As a little summary, here are the important functions that we’ve covered so far that are useful when parsing an language. In the next tutorial there will be many more.
satisfy :: (Char -> Bool) -> Parser Char
pSpan :: (Char -> Bool) -> Parser String
(<:>) :: Applicative f => f a -> f [a] -> f [a]
sepBy1 :: Parser a -> Parser b -> Parser [a]
sepBy :: Parser a -> Parser b -> Parser [a]

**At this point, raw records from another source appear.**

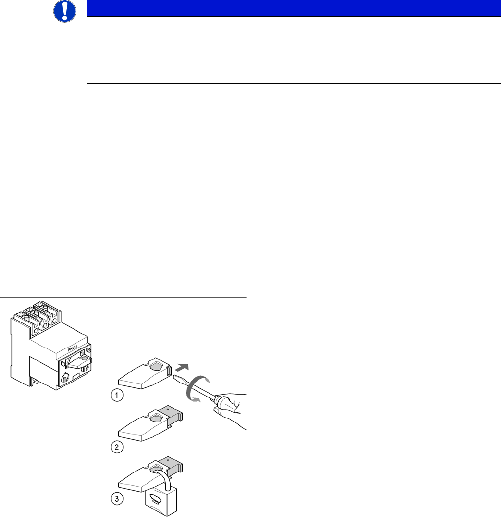 ► Use the screwdriver to push the locking lug (2) out of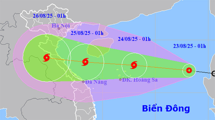 Khoảng 1h ngày 25/8, bão số 5 trên vùng biển từ Nghệ An đến TP Huế, di chuyển theo hướng Tây Tây Bắc, mỗi giờ đi được khoảng 20km và tiếp tục mạnh thêm. Sức gió mạnh nhất vùng gần tâm bão mạnh cấp 11-12, giật 15.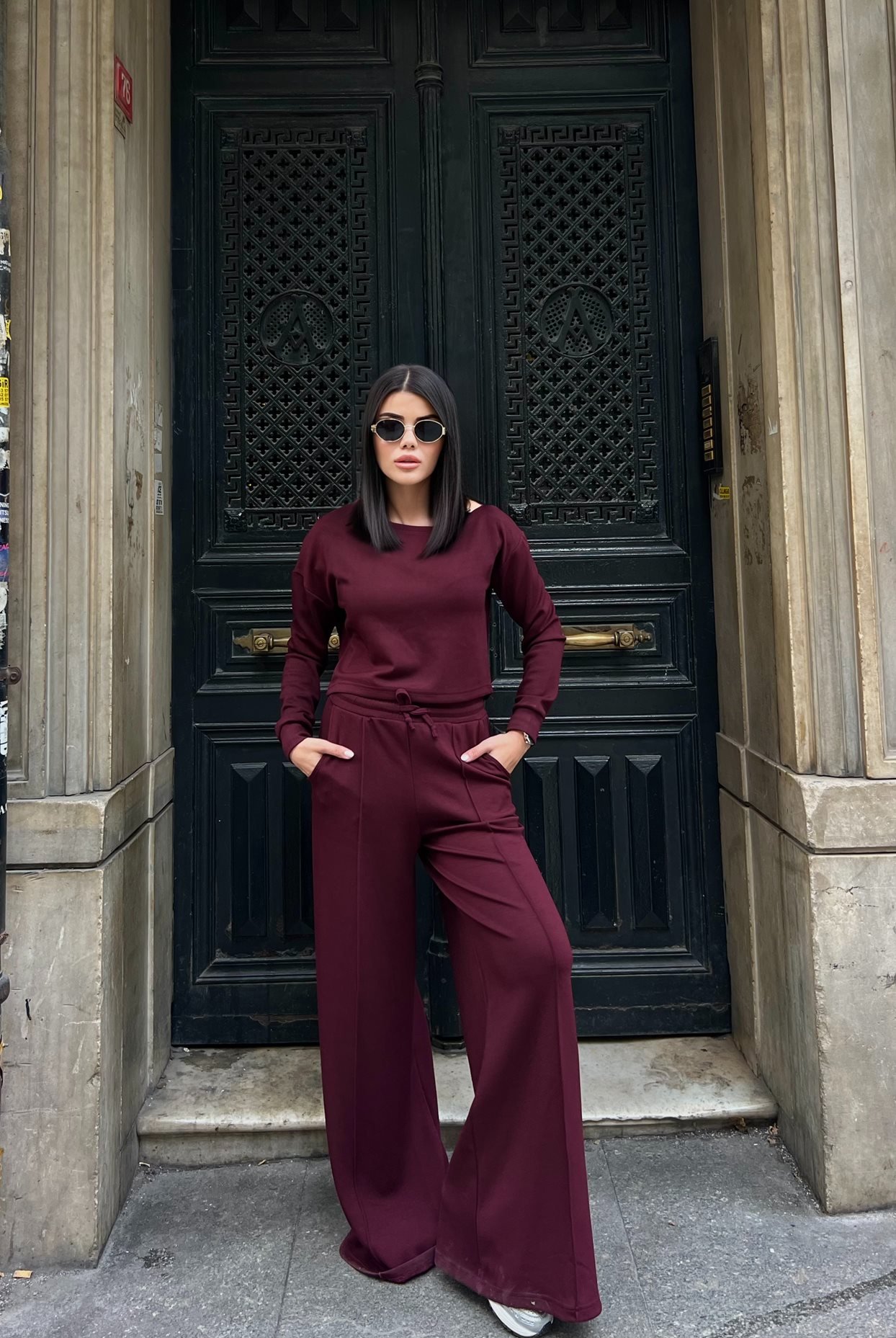 3086 PANTALONLU TAKIM BURGUNDY - BORDO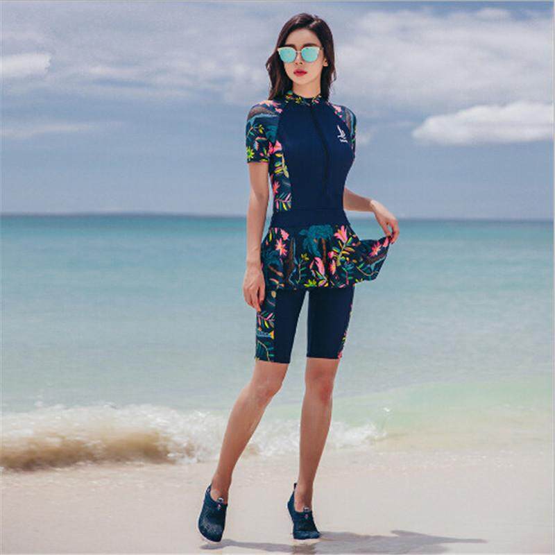 Luoke Sport Swimwear Shorts Black Swimsuit Women's Conservative Swim Suit for Women One-piece Striped Flat Angle Cover Belly Slim Swimming Suit Women Long Sleeve Hot Spring Swimsuit Discount Hot Sale

between :: Parser a -> Parser b -> Parser c -> Parser c
Exercises
-
Define
satisfyusing>>= -
Using
satisfy, definepAny :: Parser Char, which successfully parses any character, but fails if there is no input. -
Write a parser to parse a ”.” followed by some digits. It should work on “.123”, “.01”, but fail of ”.” and “.123a”
-
Write a function
<++> :: Applicate f => f [a] -> f [a] -> f [a]that lifts concatentation to an applicative context.